Pertama kali menginjakkan kaki di nagari
Yogyakarta, ada cerita lucu, berangkat dari mojokerto sekitar jam 11 malam,
sampai jogja jam jam 3 pagi. Setelah datang sebenarnya udaj ada janji sama
kakak sepupu, tapi apa daya dia ketiduran dan juga hapequ cdma jadinya gak bisa
dipakai ketika sampai dijogja lengkap sudah ujian di pagi petang ini. terpaksa
tidur dibawah jembatan janti, menunggu fajar dan subuh tiba. Stelah terdengar
suara kakek-kakek tua mengumandangkan adzan yang kurang begitu nyaring
bunyinya, aku mencoba mengikuti asal arah suara yang meliuk-liuk cempreng
tersebut. Inilah realita, ketika yang muda sudah lupa akan tanggung jawabnya
mengemban tugas menggantikan tugas poara tetua, atau malah sebaliknya yang
tua-tua malah tidak sadar diri dan tidak mau digantikan oleh yang muda, mereka
merasa masih kuta dan ingin terus tetap berjaya.

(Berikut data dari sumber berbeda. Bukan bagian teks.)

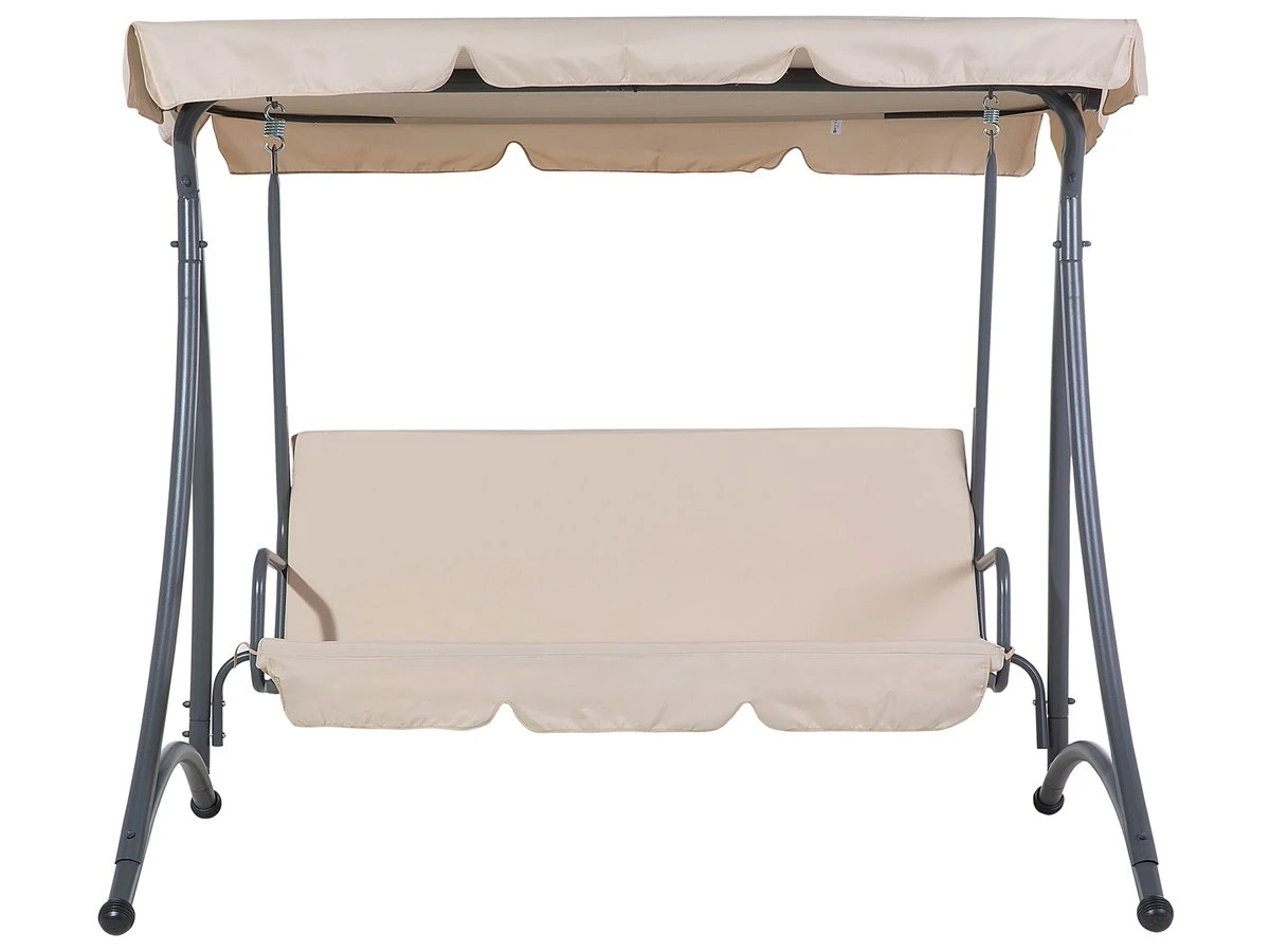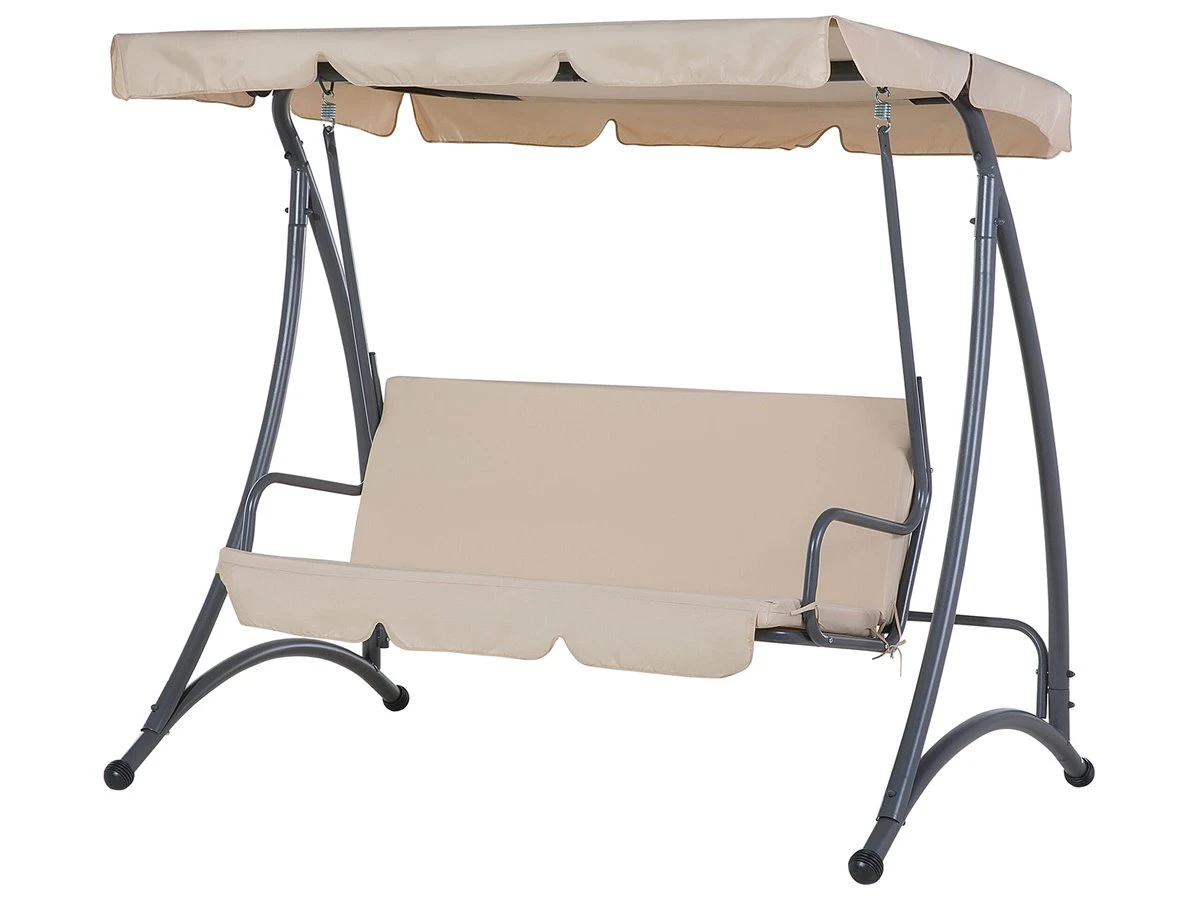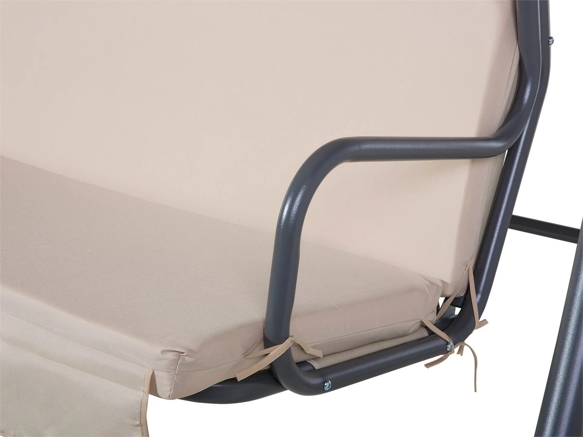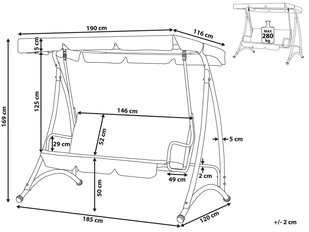 Excelente columpio de jardín. El columpio de jardín acentúa su diseño clásico con el color gris. El dosel ajustable proporciona una amplia sombra contra el sol. El asiento y el respaldo están elaborados con poliéster de alta calidad en tono gris. El marco de acero con revestimiento en polvo es elaborado a mano y es resistente a la intemperie. El columpio de jardín será su lugar favorito para relajarse durante todo el verano! Detalles: Tipo de Producto: Columpio Estilo: Moderno Color: Gris Tonalidad: Gris oscuro Tipo de material: Acero Material principal: Poliéster Material adicional: Acero Composición del Material: 100% Poliéster Acabado: Revestimiento en polvo Dimensiones: Altura del apoyabrazos: 29 cm Profundidad: 120 cm Espesor del asiento: 3 cm Altura del asiento: 50 cm Ancho: 190 cm Altura: 169 cm Superficie del asiento: 146×49 cm Peso: 36 kg Capacidad de peso: 280 kg La oferta incluye: 1 x Columpio Ventajas: Altura del toldo ajustable, Las tiras ofrecen una fijación segura, Perfecto para todo tipo de exterior, Construcción muy estable, Materiales de la más alta calidad Información de montaje: Requiere montaje completo. Más de 60 min. Texto de resistencia: Gracias a su resistencia al agua, puedes utilizar el producto al aire libre y dejarlo a la intemperie durante lluvias ligeras. Si no es posible guardarlo en un lugar cerrado y protegido, recomendamos utilizar una funda protectora. La exposición prolongada a la humedad puede provocar daños en el mueble. Resistencia: Agua ligera / humedad Consejos de mantenimiento: Poliéster: 1.Aspire con un accesorio adecuado 2.Limpiar con champú seco y una esponja húmeda o un limpiador suave 3.Cuando no esté en uso, manténgalo en un lugar limpio y seco para protegerlo de las condiciones atmosféricas. Acero: 1.Quite las tapas protectoras con regularidad para que salga todo el líquido, déjelas secar y utilice un spray anticorrosión si es necesario 2.Limpiar con detergentes suaves 3.Los muebles de acero y sus elementos no deben exponerse al agua. De lo contrario, existe la posibilidad de que el agua oxidada salga de las tuberías del marco 4.Cuando no estén en uso, los muebles deben guardarse en el interior o bajo una cubierta protectora 5.Para aumentar la durabilidad del artículo, manténgalo seco y recuerde la limpieza regular 6.Cualquier daño a la capa de pintura exterior debe protegerse de la humedad 7.Para garantizar la protección contra la corrosión, evite los limpiadores alcalinos o ácidos. Después de limpiar, secar bien.

Kesan pertama memandang jogja seakan sangat asing,
tapi inilah dunia baruku yang akan kuarungi. Saat itu ketika SMA aq masih ingat
betul, rekreasi ke jOGJA aku sudah daftar tapi pas hari terakhir pelunasan
pembayaran aku tidak bisa bayar, karena aku dan orang tua lagi tidaka ada duit
sama sekali, kecewa tapi mau gimana lagi, saat itu aku bicara pada diriku
sendiri aku pasti bisa menginjakkan kaki dijogja. Sebuah kekecewaan yang
menjadikanku semangat untuk pergi ke jogja. Ternyata jogja tak sindah di TV yang
selama ini aku liat, tak lebh seperti kota-kota lain tapi kelebihan jogja yakni
memiliki situs kerajaan yang masih hidup dan dilestarikan, inilah yang
menjadikan jogja berbeda.
Jogja lagi jogja lagi, sebenarnya sedikit bosan
denger kata-kata itu tapi yainilah kota dan rumah keduaku setelah mojokerto.